__RECORDS SHOWN__
_ _ _ _ _
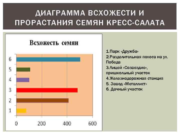 ДИАГРАММА ВСХОЖЕСТИ И ПРОРАСТАНИЯ СЕМЯН КРЕСС-САЛАТА 1. Парк «Дружба» 2. Разделительная полоса на ул. Победа 3. Лицей «Созвездие» , пришкольный участок 4. Железнодорожная станция 5. Завод «Металлист» 6. Дачный участок
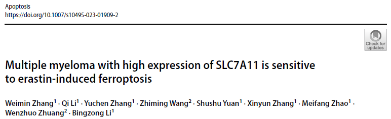 - 多发性骨髓瘤研究新发现 |《Apoptosis》(2025 IF:8.1,JCR Q1)解读:SLC7A11高表达的多发性骨髓瘤对erastin诱导的铁死亡敏感2026-04-03 今天推荐的是由苏州大学附属第二医院等单位,于2024年4月发表于Apoptosis的一篇研究论文。该研究系统揭示了SLC7A11在多发性骨髓瘤(MM)中对erastin诱导铁死亡的敏感性决定作用,全面阐述了SLC7A11表达水平与MM进展及...READ MORE
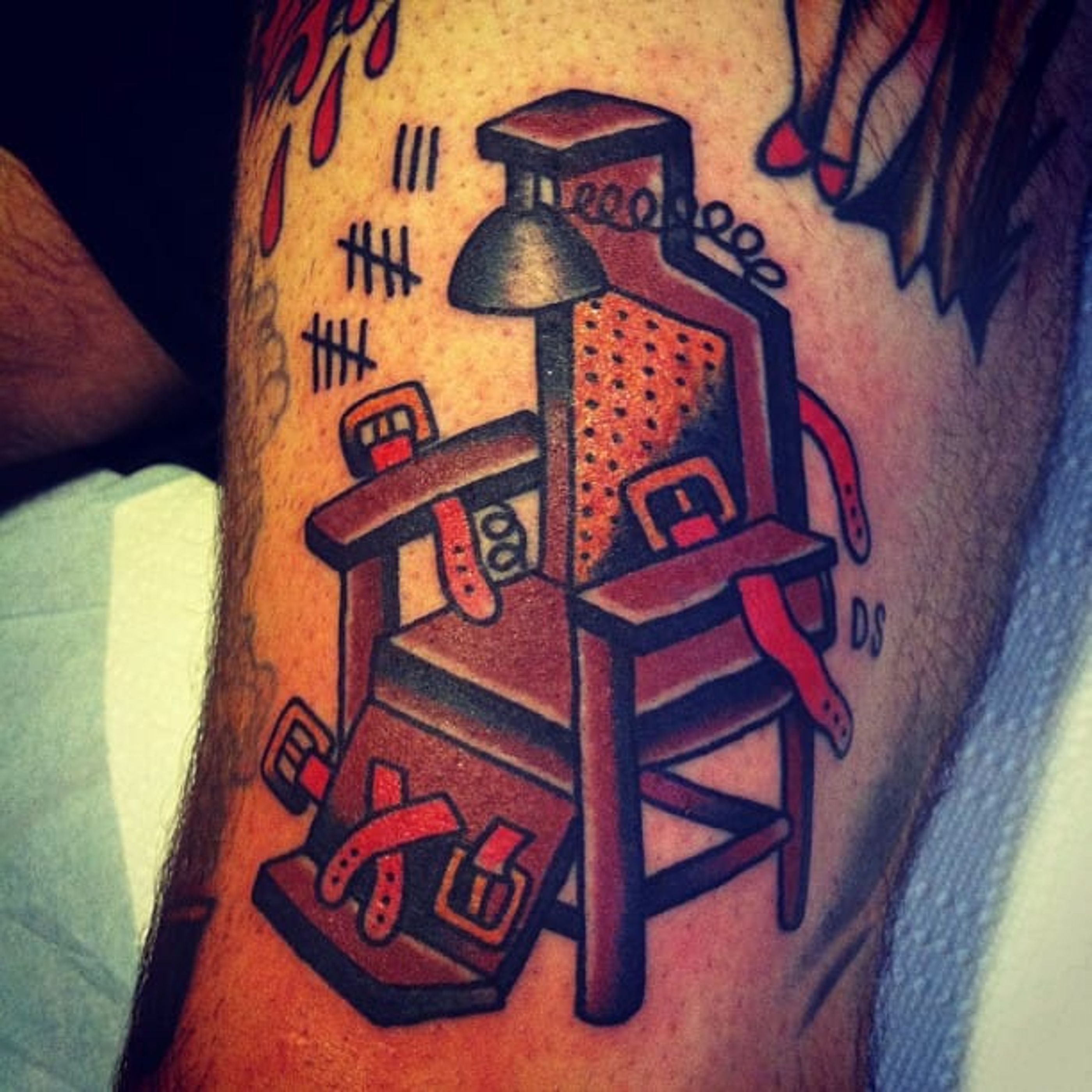 Electric Chair Tattoo by Dan Santoro #electricchair #chair #execution #DanSantoro
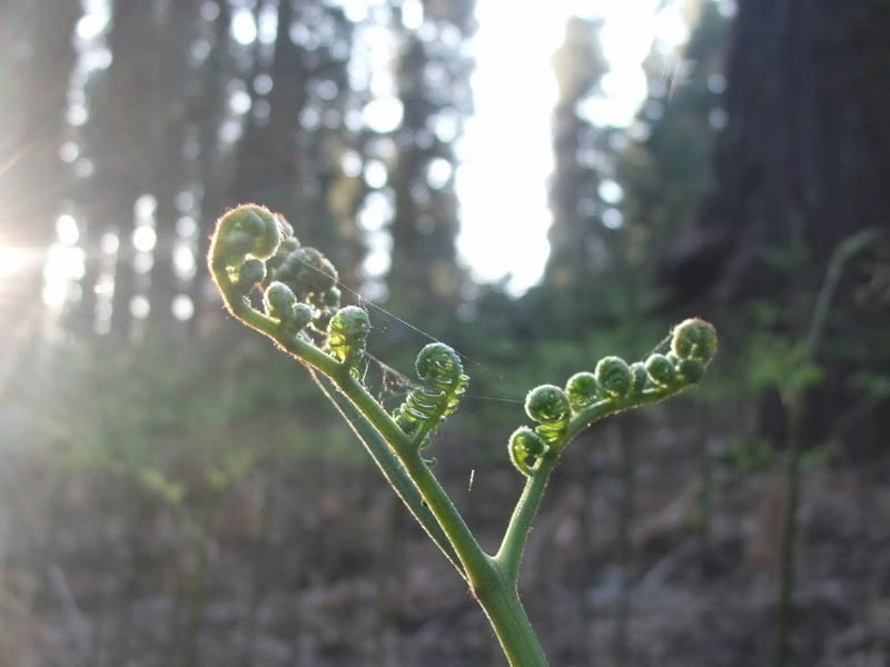 A common bracken fern (Pteridium aquilinum) fiddlehead prepares to unravel its fronds
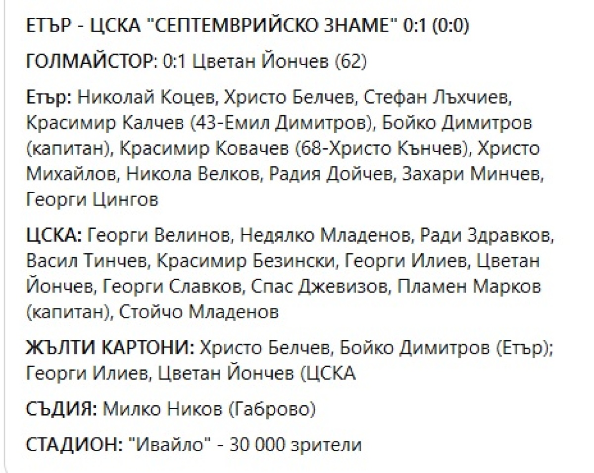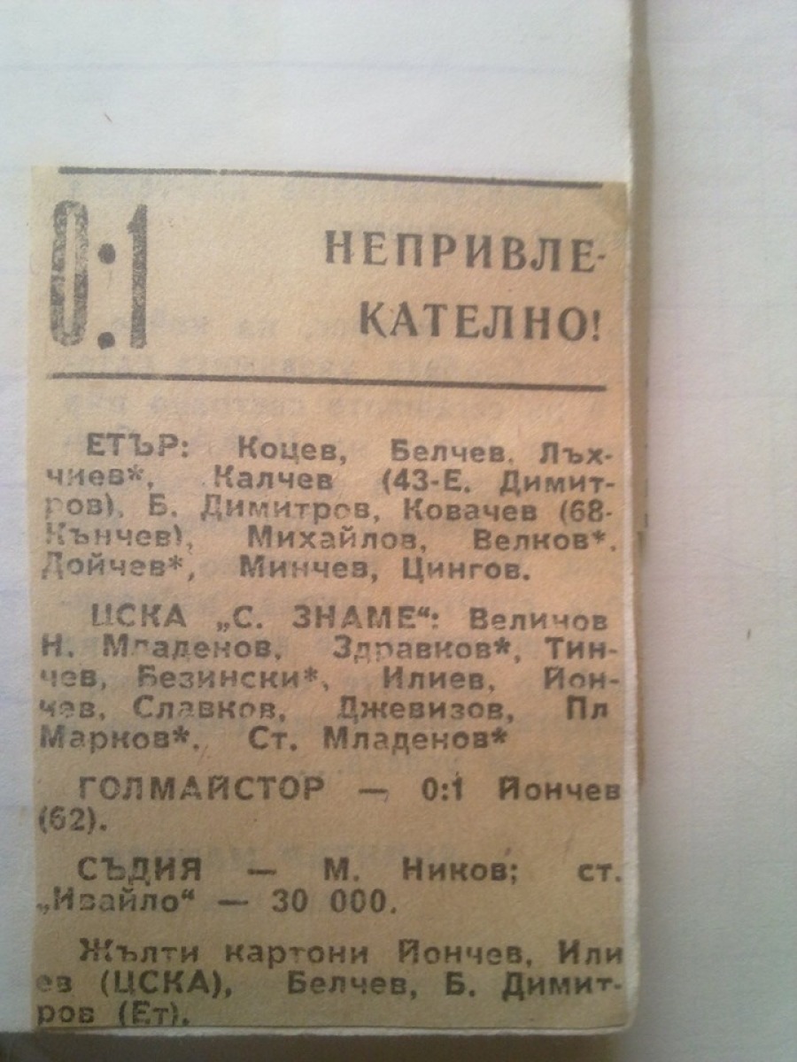 «Этыр» Велико-Тырново - «ЦСКА Септемврийско Знаме» София - 0:1
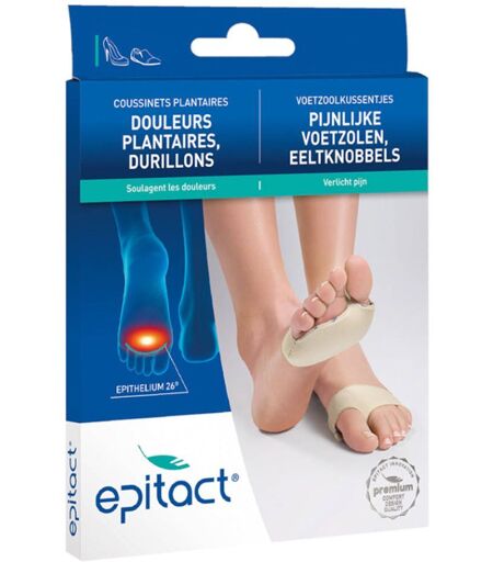 Epitact® Coussinets Plantaires Douleurs Plantaires - Durillons MediumL'Epithelium 26 est un gel de silicone breveté par des podologues dont les propriétés viscoélastiques et mécaniques sont proches de celles des tissus sous-cutanés. Il répartit le poids du corps sur l'ensemble de la zone d'appui et remplace le capiton plantaire naturel défaillant.IndicationPrévenir et soulager les douleurs sous l'avant-pied: vieillissement du capiton plantaire, sensations de brûlures, durillons...Application S M L 36-38 39-41 42-45 Si vous hésitez entre 2 tailles, choisissez la plus petite. ...
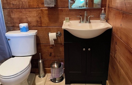 This charming cabin has an open studio floor plan with a separate bathroom/shower. It has a large covered back porch with a beautiful view of the valley, mountain ridge, and pond in the distance. The cabin has a queen sized bed as well as a futon sofa that flattens to an extra sleeping area. All bed linens, bathroom towels, toilet paper, complimentary shampoo and soap are provided. Enjoy the comfortable, contemporary furnishings. The cabin has a dining nook as well as a fully stocked kitchenette with double burner cooking hotplate, keurig coffee machine, toaster, electric hot water maker, microwave, half fridge, and all pots/pans/dishes/utensils. It is fully air-conditioned/heated. Enjoy an evening barbecue on your private charcoal/wood burning grill outside your front door. Enjoy the open feel of this cabin with all the conveniences of high-speed wifi and cable tv, after enjoying a day packed full of the many outdoor activities Sky Retreat offers.
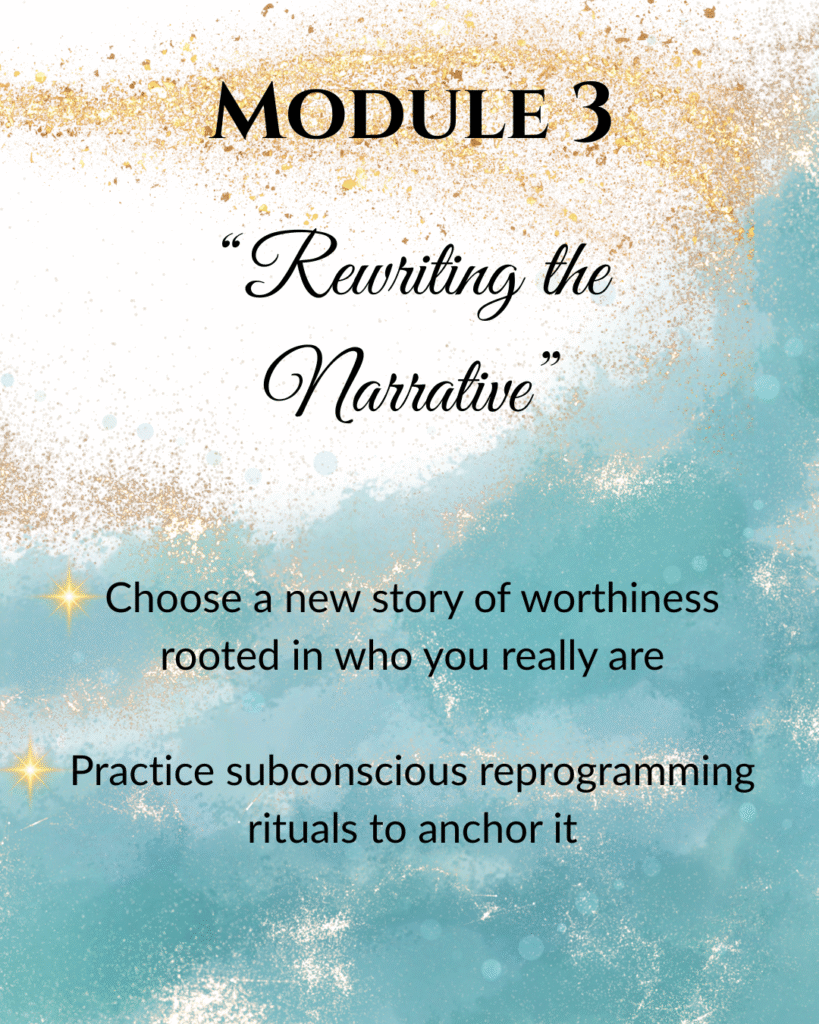 A healing journey to reclaim your worth, rewrite your story, and embody your truth, from the inside out.
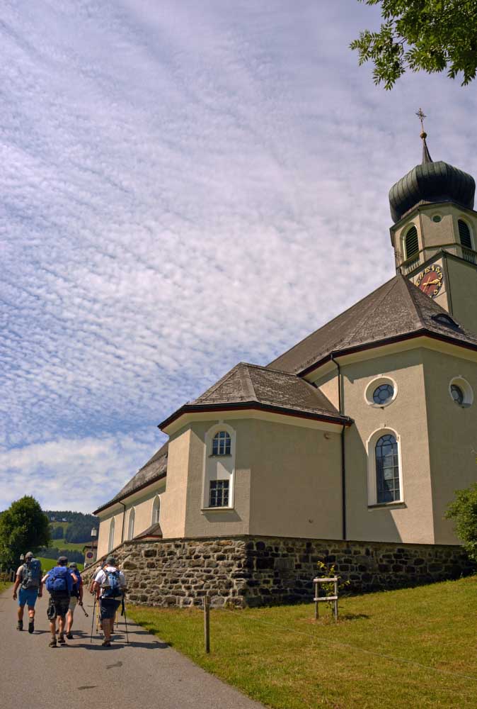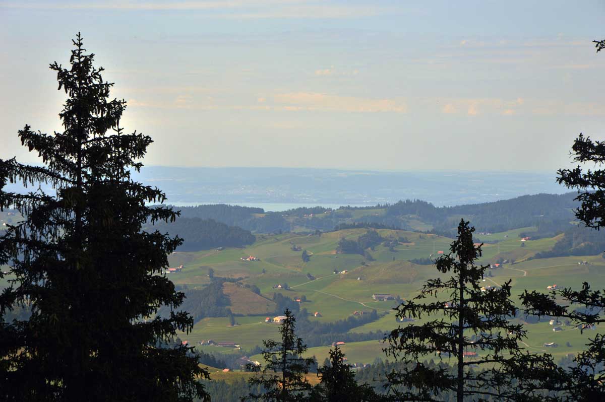 Découverte d’une chapelle en mode grotte, et ensuite toute une randonnée carrément dans une grotte. On me l’avait jamais faite, celle-là ! Et enfin à 18 heures, mon mot allemand préféré surgit : Gasthaus. Douche rapide (c’est règlementé), apéro en terrasse avec vue spectaculaire jusqu’au Lac de Constance. Et là, romantique en diable, la Karina-Iris rota sa bière en admirant le coucher du soleil sur les reliefs suisses, allemands et autrichiens. Quelle vue, mais quelle vue, grandiose, magnifique, bon j’économise mes adjectifs pour demain.
_ _ _ _ _
__WORK INSTRUCTION__
Range to copy from the listing above: the line containing "This charming cabin" down to the line containing "A healing journey", both included. Reproduce it exactly, minus the pictures, and add nothing.

__OUTPUT FOR THIS EXERCISE__
 This charming cabin has an open studio floor plan with a separate bathroom/shower. It has a large covered back porch with a beautiful view of the valley, mountain ridge, and pond in the distance. The cabin has a queen sized bed as well as a futon sofa that flattens to an extra sleeping area. All bed linens, bathroom towels, toilet paper, complimentary shampoo and soap are provided. Enjoy the comfortable, contemporary furnishings. The cabin has a dining nook as well as a fully stocked kitchenette with double burner cooking hotplate, keurig coffee machine, toaster, electric hot water maker, microwave, half fridge, and all pots/pans/dishes/utensils. It is fully air-conditioned/heated. Enjoy an evening barbecue on your private charcoal/wood burning grill outside your front door. Enjoy the open feel of this cabin with all the conveniences of high-speed wifi and cable tv, after enjoying a day packed full of the many outdoor activities Sky Retreat offers.
 A healing journey to reclaim your worth, rewrite your story, and embody your truth, from the inside out.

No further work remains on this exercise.